You can obviously use a tombstone as a source for whatever information it contains - birth, death, marriage, etc. And it implicitly is a source for burial information, with the caveat that sometimes a stone doesn’t actually represent where a person is buried.

A transcription of the tombstone can also be entered as a note into the Burial fact or entered as a note into its own fact type. For example, I have a Burial Inscription fact type. As a separate fact type, I can easily choose to include it or not in reports or in GEDCOM, etc.

Thanks. I appreciate your good information.

One more caveat is that a tombstone sometimes isn’t a tombstone at all, but rather is some sort of memorial or historical marker. I have two ancestors who were Revolutionary War soldiers and where the D.A.R. placed a memorial marker for them in a cemetery. Now everybody seems to think that those two men were buried where their memorial marker was placed, when in fact they were not buried in that cemetery at all.

To make matters even worse, the information about the death date for each man is off by several years on each of their respective memorial markers. Now those markers have become incorrect sources for each man’s death date.

@kecarlso the source should point to however you learned about the cemetery marker. This could be:

  • email exchanges with a cemetery office
  • an online profile from a website like Billiongraves or Find a Grave
  • an unindexed image of a card catalog card from that cemetery’s office, that ended up in a local historical society collection
  • yourself happening upon the stone while strolling through a cemetery
  • a scribbled note about the funeral and burial that someone uploaded to their tree on Ancestry without any details about this note–and the person who uploaded this, lets say, is now unfortunately deceased.

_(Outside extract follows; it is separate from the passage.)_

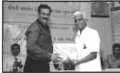
સ્વાવલંબી ગામ નંદાસર ના દાતાશ્રીનું સન્માન

If you place all these source-types aside now, your database profile for this person might have separate facts that you, the database creator, made for this person’s birth, death and burial. Now let’s say this cemetery stone has an image on Find a Grave, and that image shows a date of birth, and a death date, and some other things i.e. “wife of” or whatever.

The name of the game is basically to ring-out, by tagging in the database, as much as you can for each source you have on hand. So back to the Find a Grave photograph example, you might be able to tag that one single source to: birth, death, burial and the marriage to whomever, the latter based on the “wife of” text seen in the inscription—but the source found for a 3x5 card in the cemetery’s old records, now at the historical society or wherever, might only be “tagable” if you will, to the burial “fact” created by the database creator for this person.

Hopefully that’s somewhat clearer than mud, but there you have it. Cheers!